For the moment, the project has a CLI called BeagleMind-CLI (available on PyPI), and a user interface available on mind.beagleboard.org. In the previous GSoC, RAG was the main target and showed a very decent performance. This year we would like to go with the Model Fine tuning approach for a much more reliable model that can also run on the user machine efficiently.
For now, we have a dataset of QA pairs generated using easy-dataset that cover the official docs, a dataset of raw forum threads + replies and raw discord messages for the past 2 years.
You can check the gsoc discord channel for more details.
Also, you can have a look on the new release of BitNet.cpp, you can check it out here BitNet CPU Inference Optimization, does it solve our issue with LLM local inference or not?

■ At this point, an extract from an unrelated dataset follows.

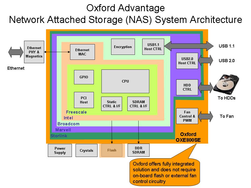 - CPU: Oxford OXE800DSE ARMv5 926 200MHz (Blockdiagramm)

What is the maximum size of LLM that we can realistically run? For example, Gemma 3 27B supports image processing, which could be useful for visual understanding tasks. However, if we move in that direction, it may be challenging to obtain clear and accurate pin-connection details from end users through images alone.

Other than this, we could implement a local script that automatically scans the system and gathers all I/O and peripheral information. Integrating this with BeagleMind would significantly improve the debugging workflow, as users would not need to repeatedly and explicitly provide the same hardware details during each interaction.

Hello, I am Mannan.

Using BitNet.cpp and BitNet Model is a great idea but, as per my understanding, BitNet.cpp is primarily an inference engine designed to run BitNet-based models. Therefore, using it would require training or obtaining a compatible BitNet model architecture. Building such a model from scratch would likely be infeasible within the current project scope. Instead, it may be more practical to use an existing pretrained model, fine-tune it on the BeagleBoard dataset, and apply quantization techniques to ensure efficient offline inference while maintaining accuracy.